• [What the exercise asks]: Lines from the one with "Il sera procédé" up to and including the one with "If a slide needs" are to be copied exactly from the records below, without their pictures.

Records drawn from a dataset

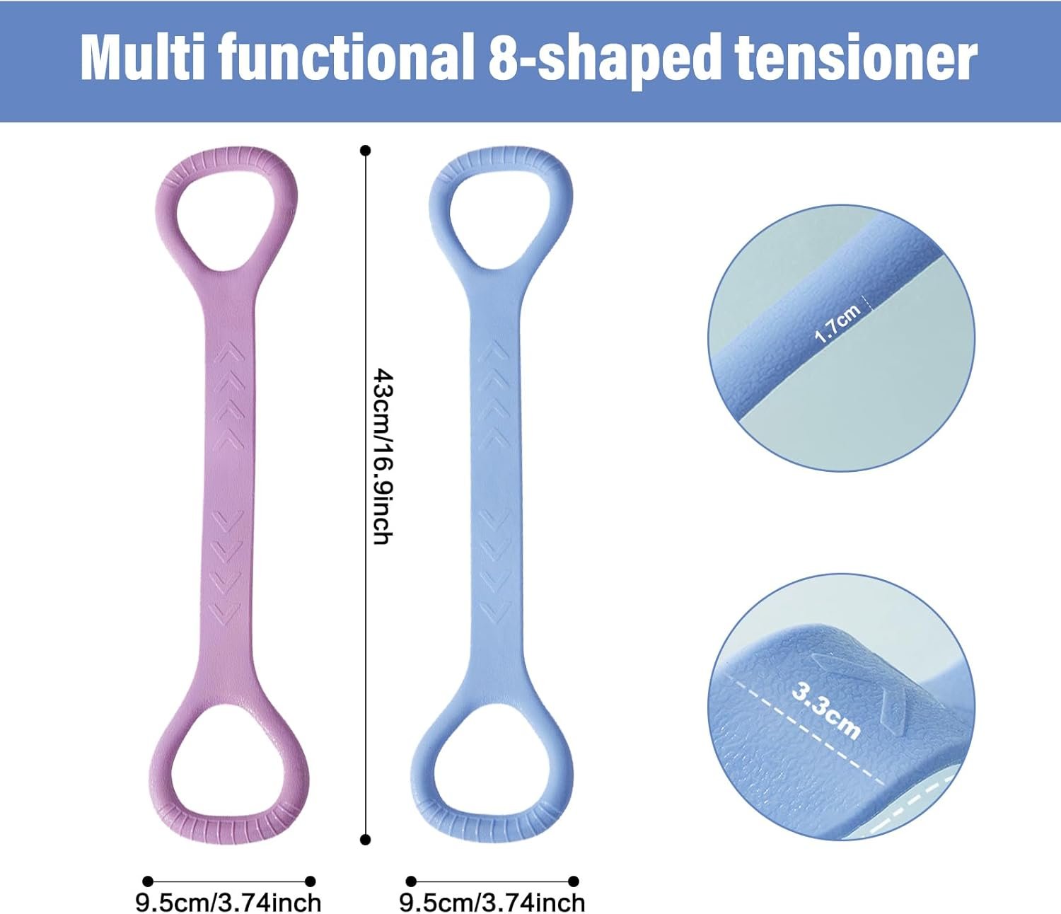 - 【Upgraded Elasticity Resistance Bands Set】Package contains 1pcs Purple and 1pcs Blue Resistance Band,1 pair of black wristbands and 1 pair of blue wristbands.Made of natural latex, designed with an 8 shape, perfectly fits your hands and body, which is ergonomic and makes it more comfortable to use, help to relieves stressed hand and reduce frictional injuries.
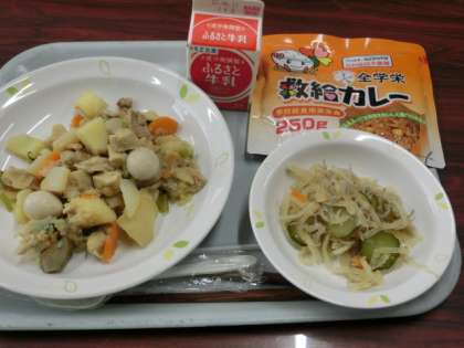 メニューは救急カレー、五目うま煮、大根とジャコのサラダ、牛乳です。
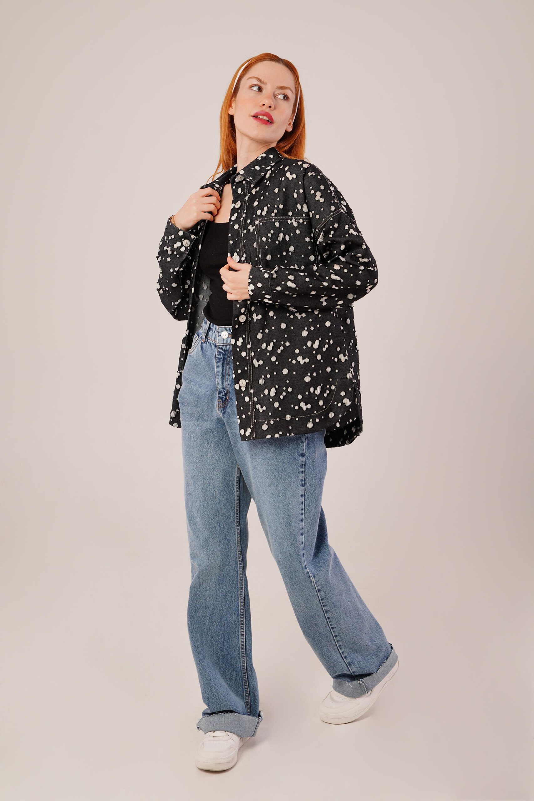 Eskitme Görünümlü Denim Siyah Gömlek
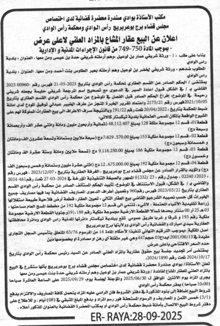 Il sera procédé à la vente au plus offrant et dernier enchérisseur le : 05/10/2025';
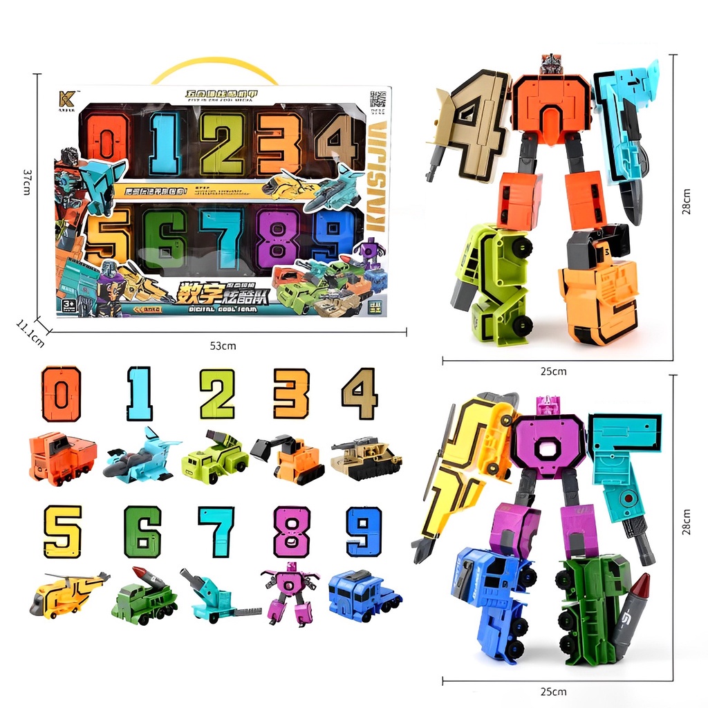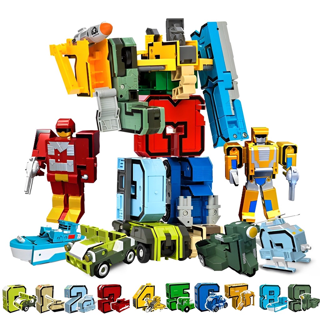 ชุดหุ่นยนต์แปลงร่างตัวเลข 0-9 ของเล่นสําหรับเด็ก 10 ชิ้น
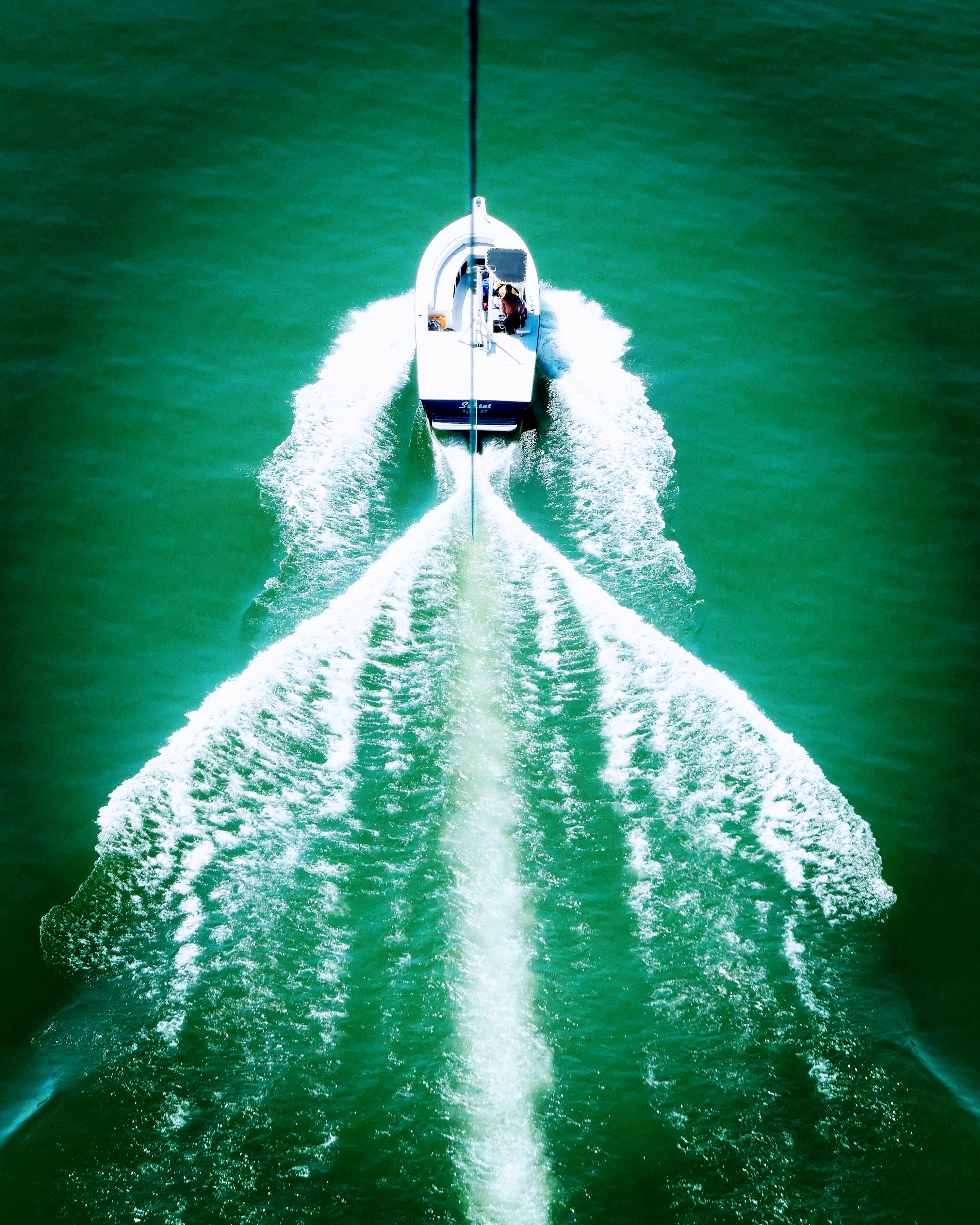 Parasail boat cutting through crystal waters
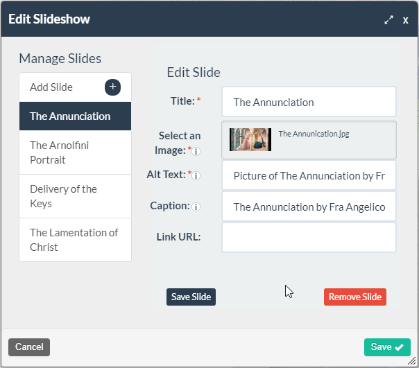 If a slide needs to be edited, click the slide title under Manage Slides. Make the required changes and click the Save Slide button. When slide editing is complete, click the Save✔ button to save all changes made to the Slideshow block.
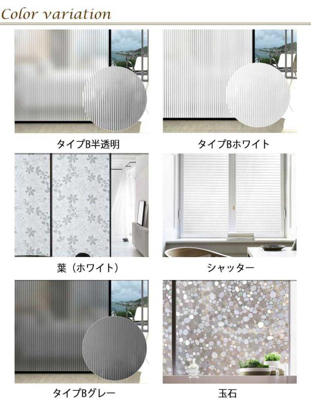 | サイズについての説明 | サイズ:45cm*2m 60cm*2m 75cm*2m 90cm*2m 120cm*2m 低い不透明度:タイプB半透明、玉石、はな、ひし形 高い不透明度:タイプBホワイト、葉(ホワイト)、シャッター、タイプBグレー、ジャスミン、半透明、ホワイト、葉(グリーン)、キラキラ(半透明)、キラキラ(ブラック)、キラキラ(グレー)、キラキラ(シルバー) |
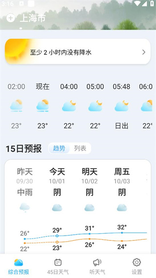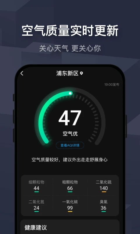 3、深入浏览,逐小时预报助您规划每日行程,15天预报为您长远打算,空气质量指数让您健康出行。
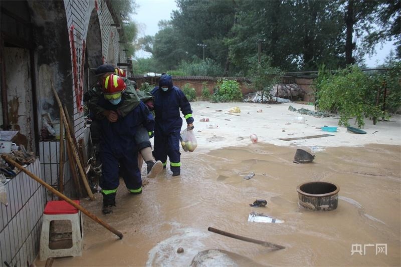清水河縣消防救援大隊營救被困群眾(央廣網(wǎng)發(fā)呼和浩特市消防救援支隊供圖)
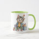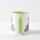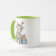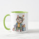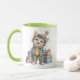 Taza de cerámica con interior y asa en color verde, decorada con un adorable gatito estilo ilustración infantil, vestido con ropa de invierno y rodeado de pequeños regalos.
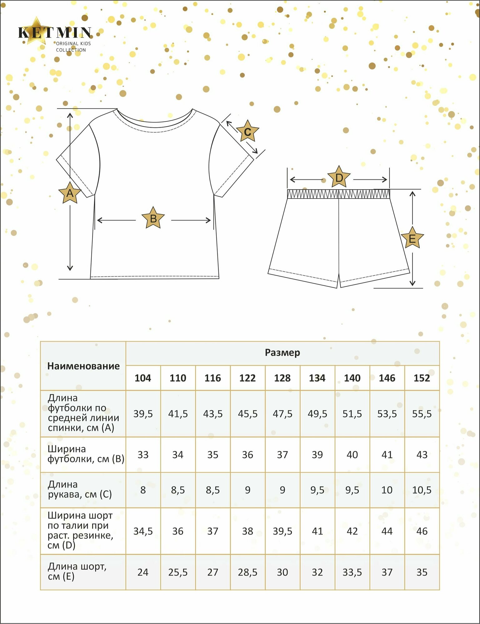 Пижама KETMIN с шортами детская хлопок, размер 128, белый
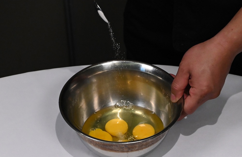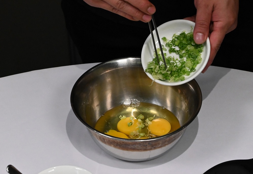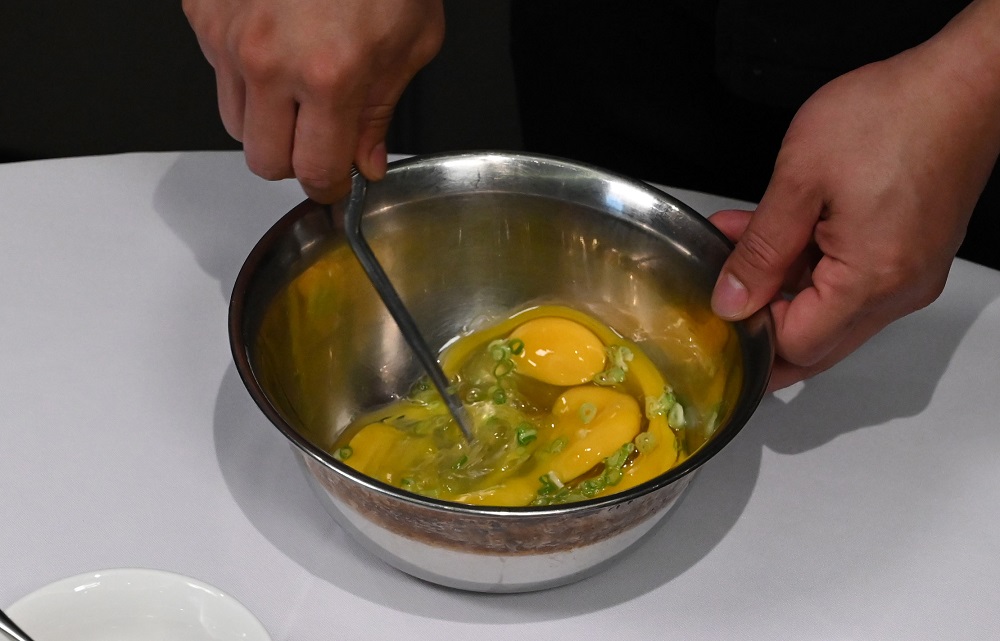 ▲3. 將鹽、蔥花及雞蛋拌勻。
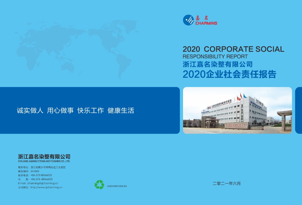 《浙江嘉名控股有限公司2020企業(yè)社會責任報告》本著客觀、透明、誠信、規(guī)范的原則編寫,從責任管理、誠信建設、價值創(chuàng)造、綠色環(huán)保、安全生產、垃圾分類、員工權益、黨群工作、企業(yè)文化、社會公益等責任和行動出發(fā),以豐富的內容、翔實的數據和真實的業(yè)績,全面展示了2019-2020年公司打造實力嘉名、創(chuàng)新嘉名、誠信嘉名、綠色嘉名、和諧嘉名的實踐情況,彰顯了公司為早日實現“致力成為國內外知名服裝品牌的首選面料供應商”的嘉名夢的信心和決心,更向社會公眾呈現了嘉名作為一家民營企業(yè)為履行社會責任,推動行業(yè)和當地社會的可持續(xù)發(fā)展所做出的努力及責任擔當。
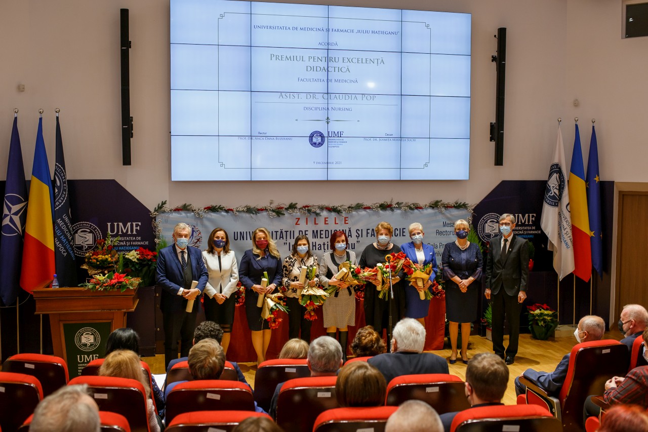 Universitatea de Medicină și Farmacie „Iuliu Hațieganu” Cluj-Napoca sărbătorește, zilele acestea, 102 ani de învățământ medical în limba română. În cadrul manifestărilor prilejuite de Zilele UMF „Iuliu Hațieganu” 2021, joi, 9 decembrie, a avut loc Gala Premiilor Universității, în cadrul căreia au fost premiate performanţele şi realizările deosebite din ultimul an ale cadrelor didactice, cercetătorilor și studenților.
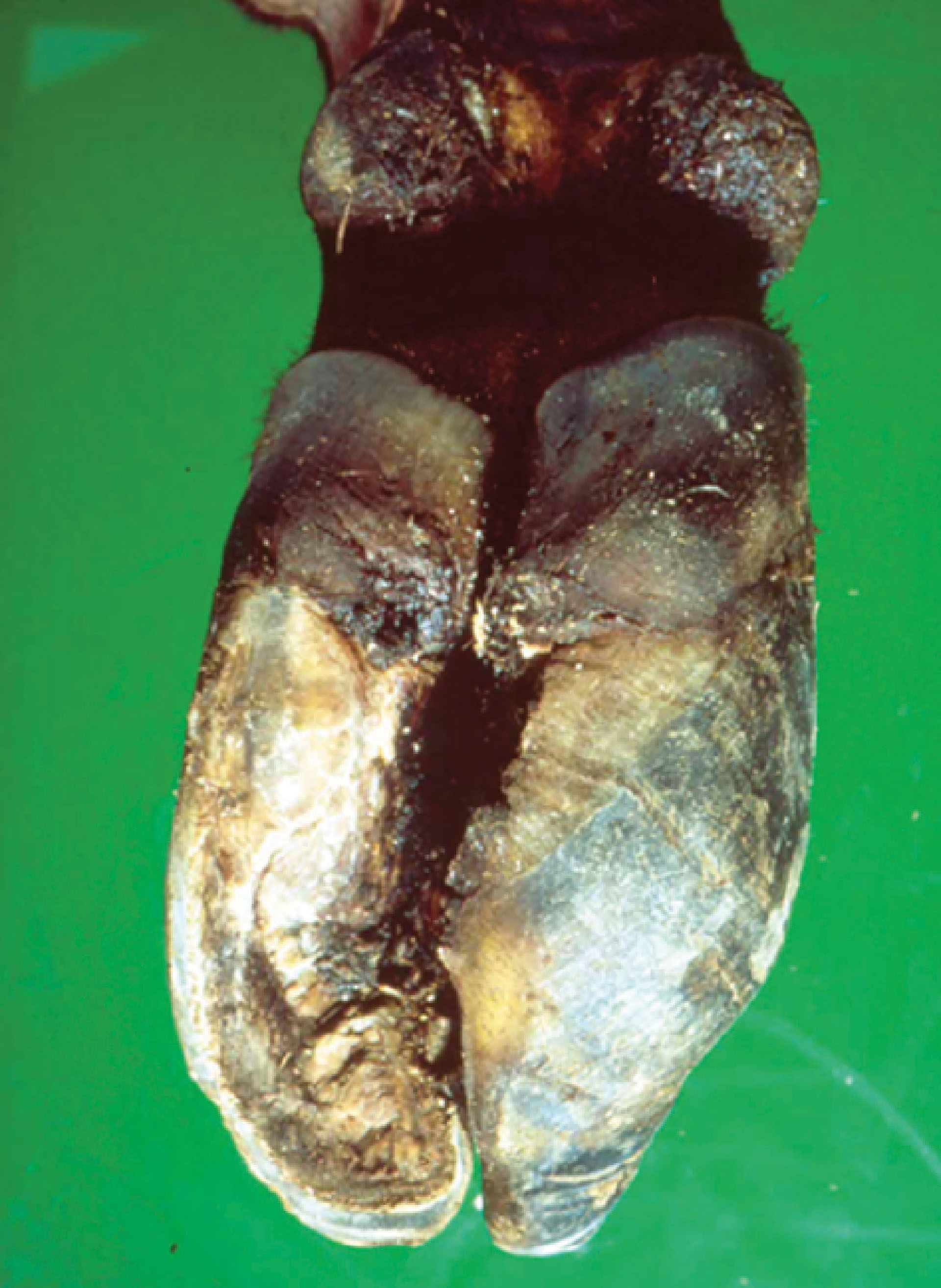 Korktrekkerklauv høyre bakbein. Den utvendige klauvveggen på ytterklauva har vokst under sålen.

• [Your response]:
 Il sera procédé à la vente au plus offrant et dernier enchérisseur le : 05/10/2025';
 ชุดหุ่นยนต์แปลงร่างตัวเลข 0-9 ของเล่นสําหรับเด็ก 10 ชิ้น
 Parasail boat cutting through crystal waters
 If a slide needs to be edited, click the slide title under Manage Slides. Make the required changes and click the Save Slide button. When slide editing is complete, click the Save✔ button to save all changes made to the Slideshow block.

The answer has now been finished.